OpenShift enables enterprises to optimize GPU cost consumption in a number of ways:
- Utilization efficiency
Kubernetes clusters tend to be consumed by many teams, which facilitates sharing of cluster-based GPUs across teams. These shared resources reduce the likelihood that valuable GPU-accelerated hardware will be lying idle as teams can coordinate their shared model training and GPU usage schedules.
Furthermore, when a particular data scientist or team has completed GPU-consuming model training, those GPUs are returned to the cluster’s availability pool and are immediately consumable by other data scientists and teams.
- Infrastructure flexibility
This diagram depicts optimal GPU consumption on public cloud versus an organization’s own GPUs in the data center, according to volume of usage:
It is clear that occasional usage favors GPU usage on public cloud as lower levels of usage make hourly consumption more cost-effective.
However, as GPU utilization increases, it becomes more viable for organizations to purchase their own GPU hardware. As you pass the intersection in the graph, cumulative hourly costs on public clouds start to exceed the cost of owning and operating one's own hardware.
How does this impact consumption patterns? Platforms such as OpenShift, provide an identical user experience across the data center, the edge, and public cloud. This allows a seamless transition from one infrastructure such as the cloud to the data center, whenever that move makes economic sense.
In summary, there are many ways organizations can expect to realize business value utilizing GPU acceleration on OpenShift including:
- The Nvidia GPU operator lowers the technical barriers to GPU use and therefore speeds up time-to-value with GPUs for training and inference.
- OpenShift provides a highly efficient architecture that enables scarce GPU resources to be shared across teams and achieve a high level of utilization.

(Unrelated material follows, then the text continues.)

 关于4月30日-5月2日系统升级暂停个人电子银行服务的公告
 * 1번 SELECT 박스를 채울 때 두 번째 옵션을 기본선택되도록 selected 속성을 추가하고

- The common experience across infrastructures allows a seamless usage transition from the public cloud to one’s own infrastructure when that becomes economically advantageous.

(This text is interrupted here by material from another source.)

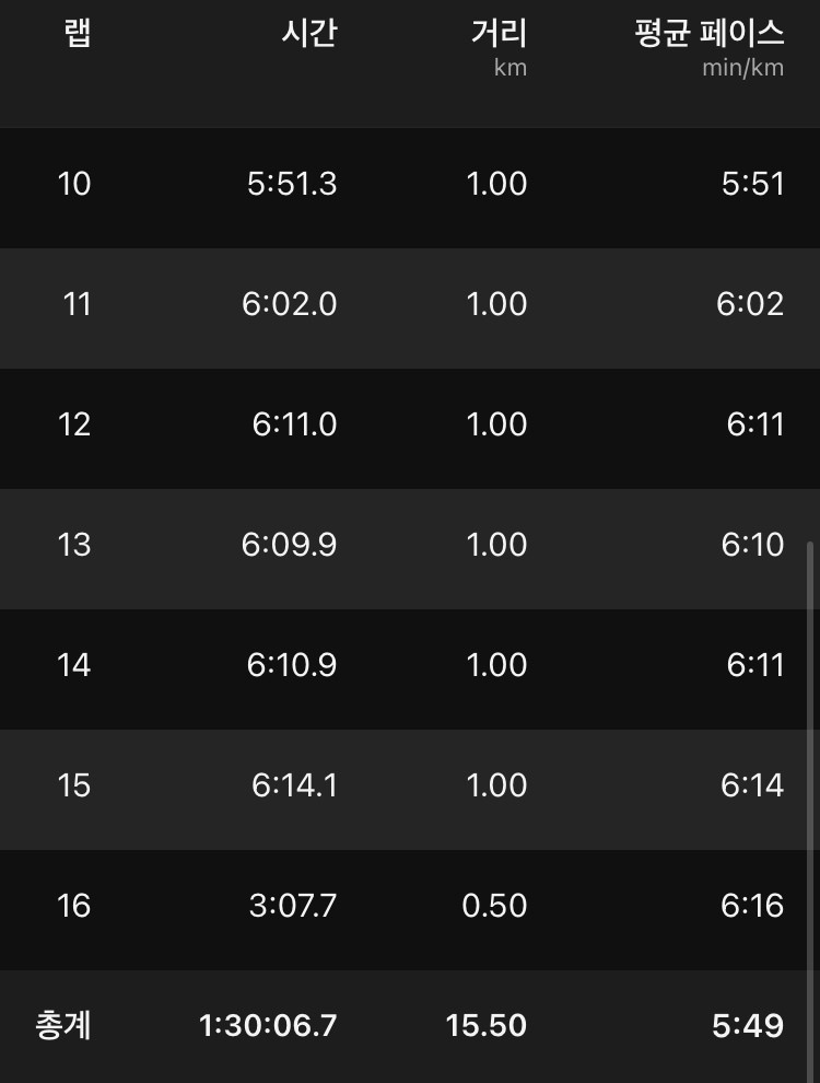 6월에 참가할 예정인 하프 마라톤 대회에서 완주하기 위해서는 지금부터 거리를 조금씩 늘려야 하기에 15.5km의 거리는 충분하지 않다고 느낀다. 대회 참가 한달 전부터는 23km의 거리를 달릴 수 있도록 지금부터 조금씩 거리를 늘려갈 계획이다. 이런 훈련을 계속한다면 4월에 있는 기부앤레이스 10km 대회도 여유롭게 달릴 수 있을 것이다. 일요일의 여유를 누리며 대회의 여유를 상상하며 달리기로 이렇게 행복할 수 있다는 것을 배웠다.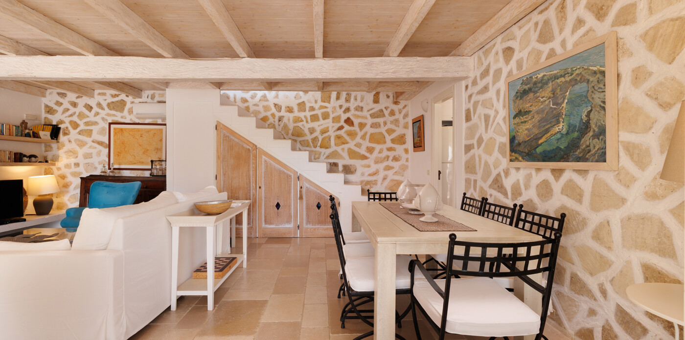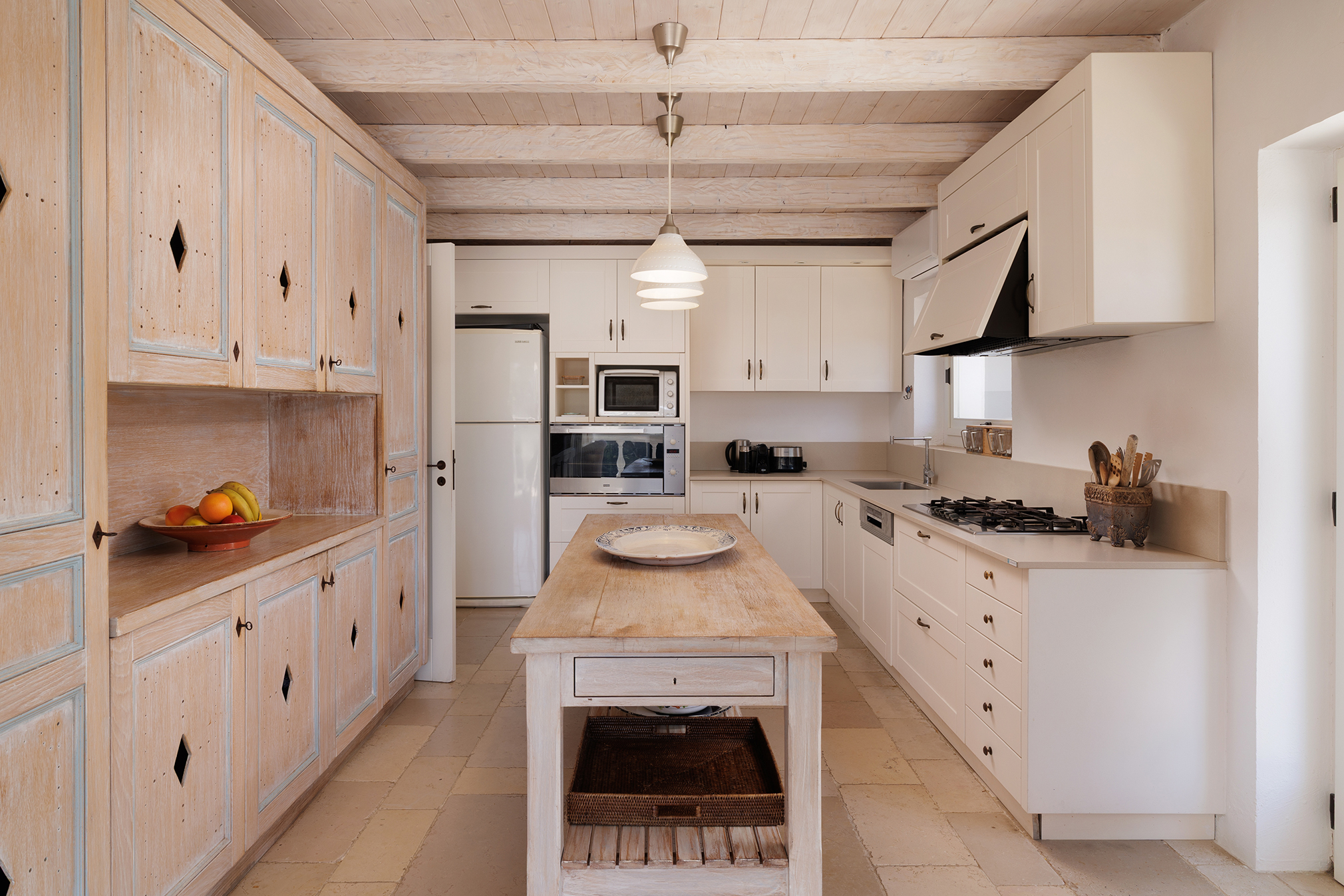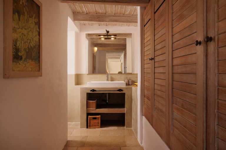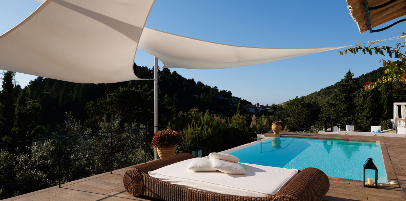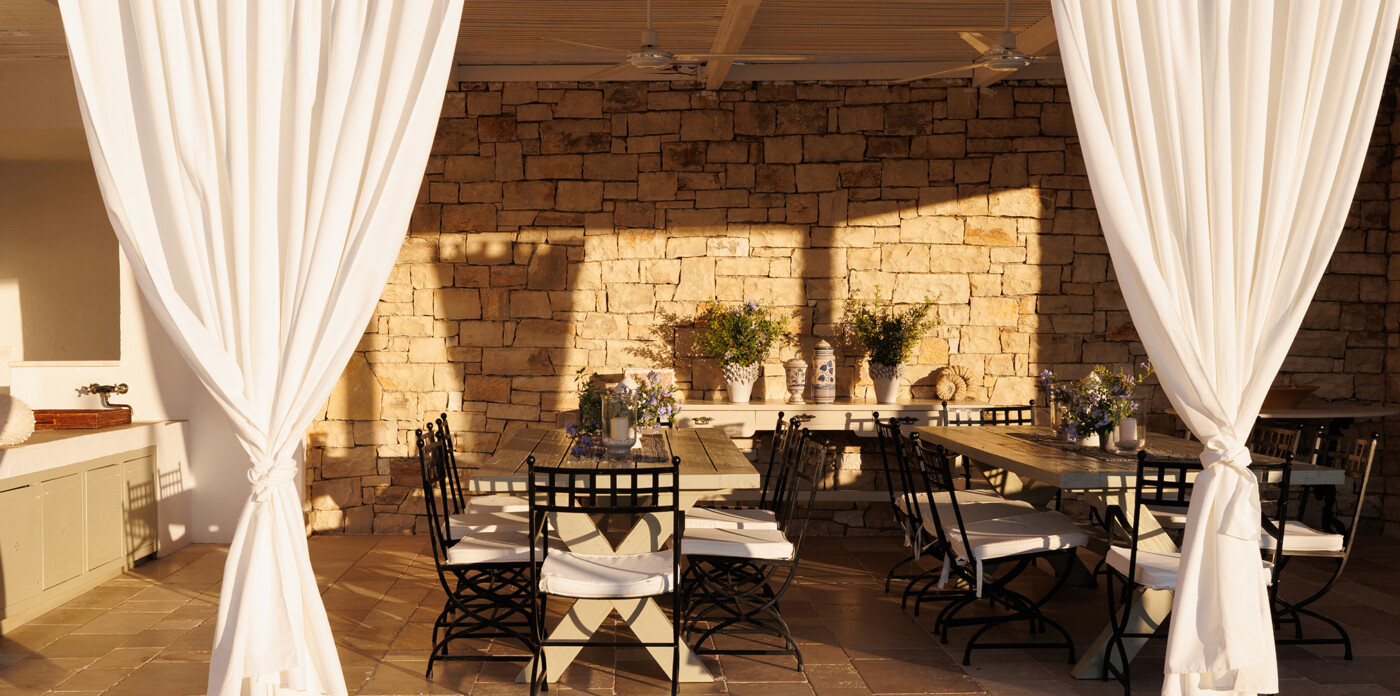 The estate is arranged around outdoor living, with a saline swimming pool (8m x 5m) at the centre of the garden. Stone-paved terraces, two outdoor kitchens, and a traditional pizza oven create a natural setting for open-air dining. Exterior lighting has been designed to shape the property after sunset. The grounds are defined by gentle level changes, adding dimension and a layered quality to the landscape, with some areas better suited to supervised access for younger children.

Follow the reference link below for how Volkswagen used OpenShift and GPUs to speed up autonomous vehicle testing.
The ever-increasing need to capitalize on Big Data as well as simultaneous advancements in AI/ML including Deep Learning have coincided with huge advancements in GPU-accelerated hardware. With the relative decline in the capability of CPUs to train data-hungry models, the case for GPUs for model training is becoming increasingly compelling. With recent developments such as the Nvidia Kubernetes Operator, the ease of GPU consumption is yet another reason for utilizing a Kubernetes container platform such as Red Hat OpenShift for AI/ML workloads and workflows.